Exercise aim – Pictures must be left out. Print the lines from the beginning of the material through the line holding "Lavabo de apoyo", exactly and nothing else.

[Opening Information provided section]

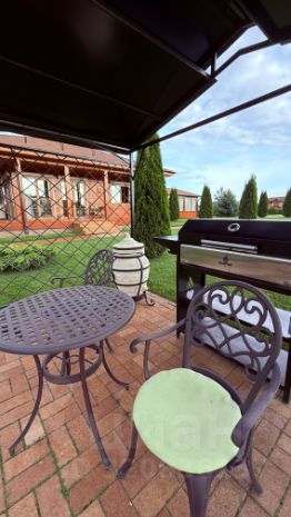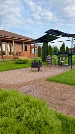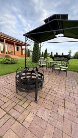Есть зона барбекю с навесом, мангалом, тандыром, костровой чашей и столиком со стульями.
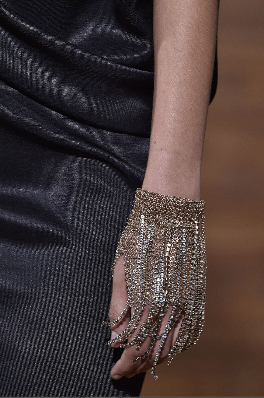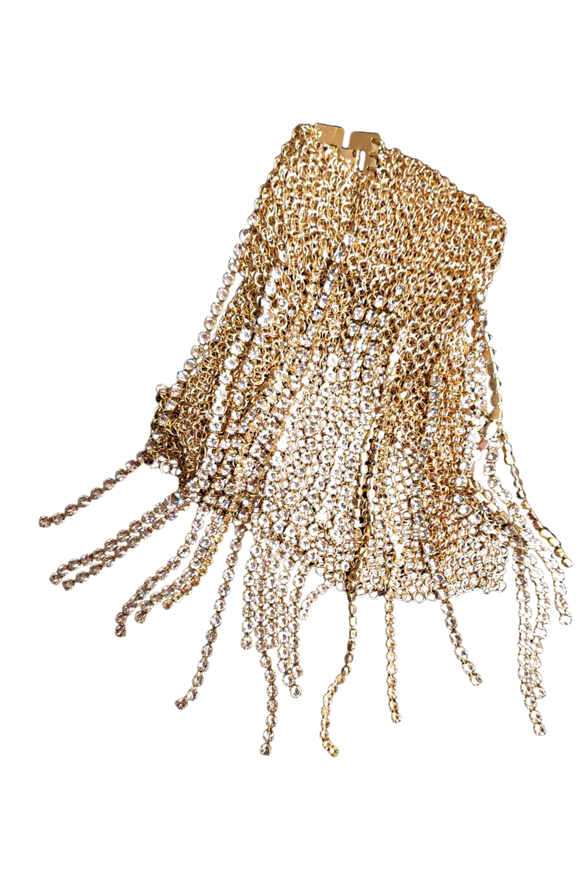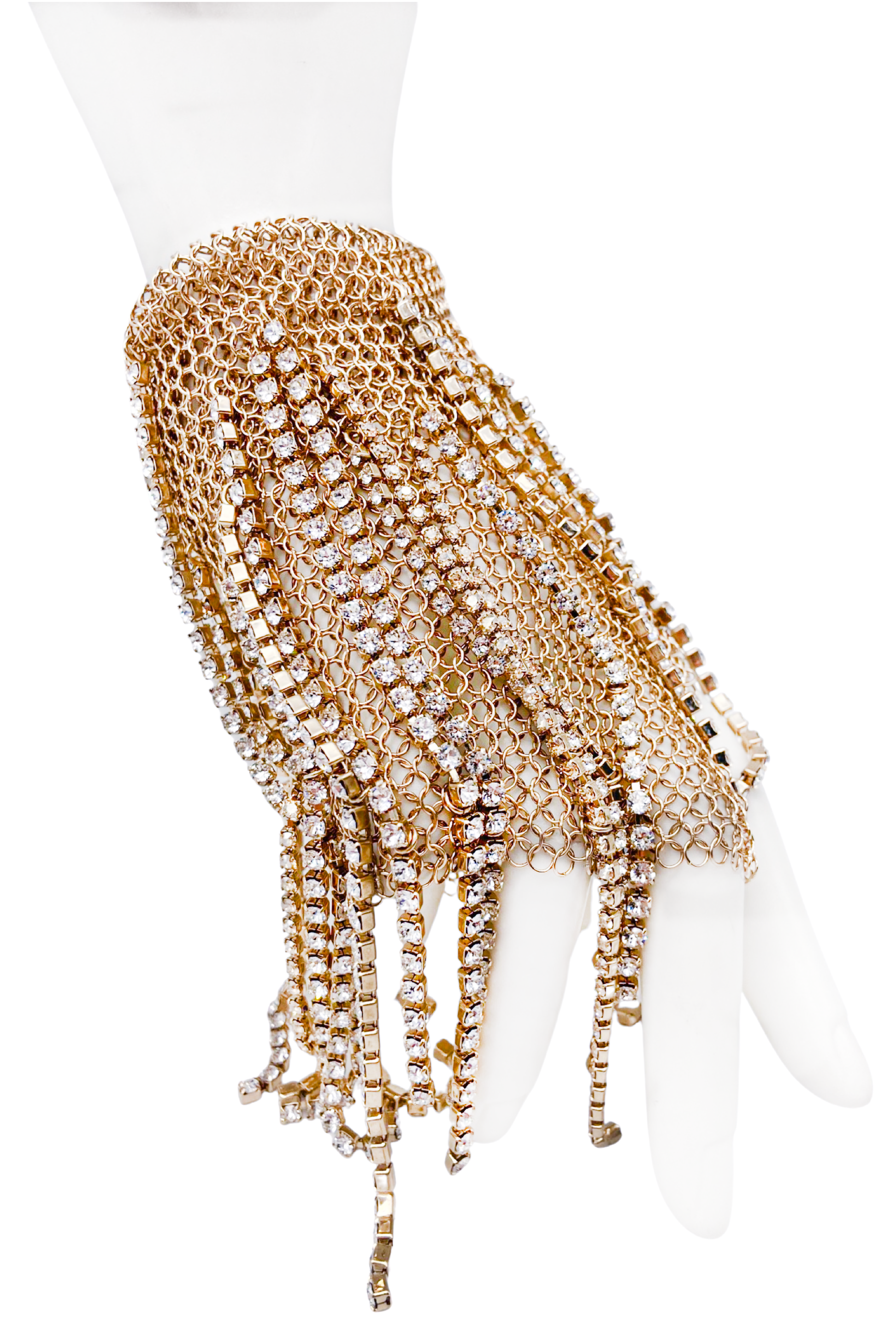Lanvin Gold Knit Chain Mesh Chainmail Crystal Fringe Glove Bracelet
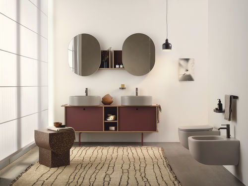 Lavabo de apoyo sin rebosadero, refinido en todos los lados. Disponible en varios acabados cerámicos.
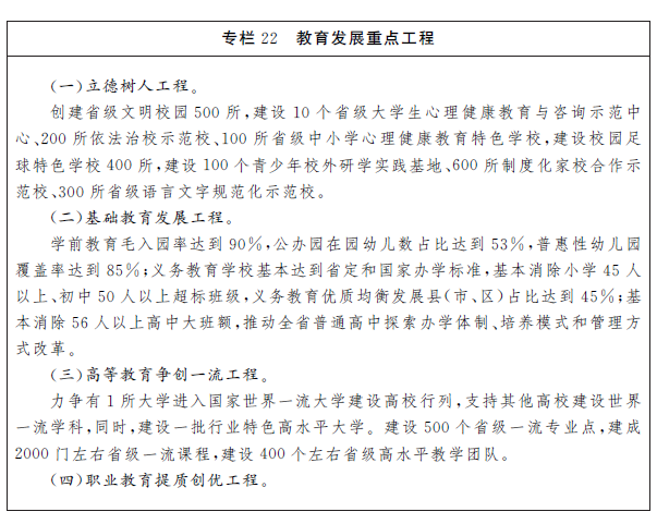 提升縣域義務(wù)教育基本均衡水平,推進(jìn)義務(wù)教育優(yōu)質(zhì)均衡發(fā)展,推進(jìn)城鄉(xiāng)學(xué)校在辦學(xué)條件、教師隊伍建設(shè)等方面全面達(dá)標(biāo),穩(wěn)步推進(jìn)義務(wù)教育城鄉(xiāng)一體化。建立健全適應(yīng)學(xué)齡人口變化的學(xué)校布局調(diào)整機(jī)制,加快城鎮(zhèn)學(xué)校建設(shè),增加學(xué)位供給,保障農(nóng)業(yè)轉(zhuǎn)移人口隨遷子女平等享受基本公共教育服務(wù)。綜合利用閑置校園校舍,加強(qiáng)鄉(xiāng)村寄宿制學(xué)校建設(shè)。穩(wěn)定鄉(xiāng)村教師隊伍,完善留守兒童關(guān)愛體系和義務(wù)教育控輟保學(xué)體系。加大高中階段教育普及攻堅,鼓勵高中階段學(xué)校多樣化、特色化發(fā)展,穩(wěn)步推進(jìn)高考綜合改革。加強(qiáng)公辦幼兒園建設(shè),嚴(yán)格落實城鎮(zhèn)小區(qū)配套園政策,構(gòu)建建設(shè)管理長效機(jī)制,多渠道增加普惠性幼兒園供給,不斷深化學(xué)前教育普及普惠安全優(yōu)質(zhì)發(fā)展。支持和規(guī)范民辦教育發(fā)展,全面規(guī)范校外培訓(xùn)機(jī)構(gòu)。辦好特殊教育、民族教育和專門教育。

[Closing Information provided section]

Answer box –
Есть зона барбекю с навесом, мангалом, тандыром, костровой чашей и столиком со стульями.
Lanvin Gold Knit Chain Mesh Chainmail Crystal Fringe Glove Bracelet
 Lavabo de apoyo sin rebosadero, refinido en todos los lados. Disponible en varios acabados cerámicos.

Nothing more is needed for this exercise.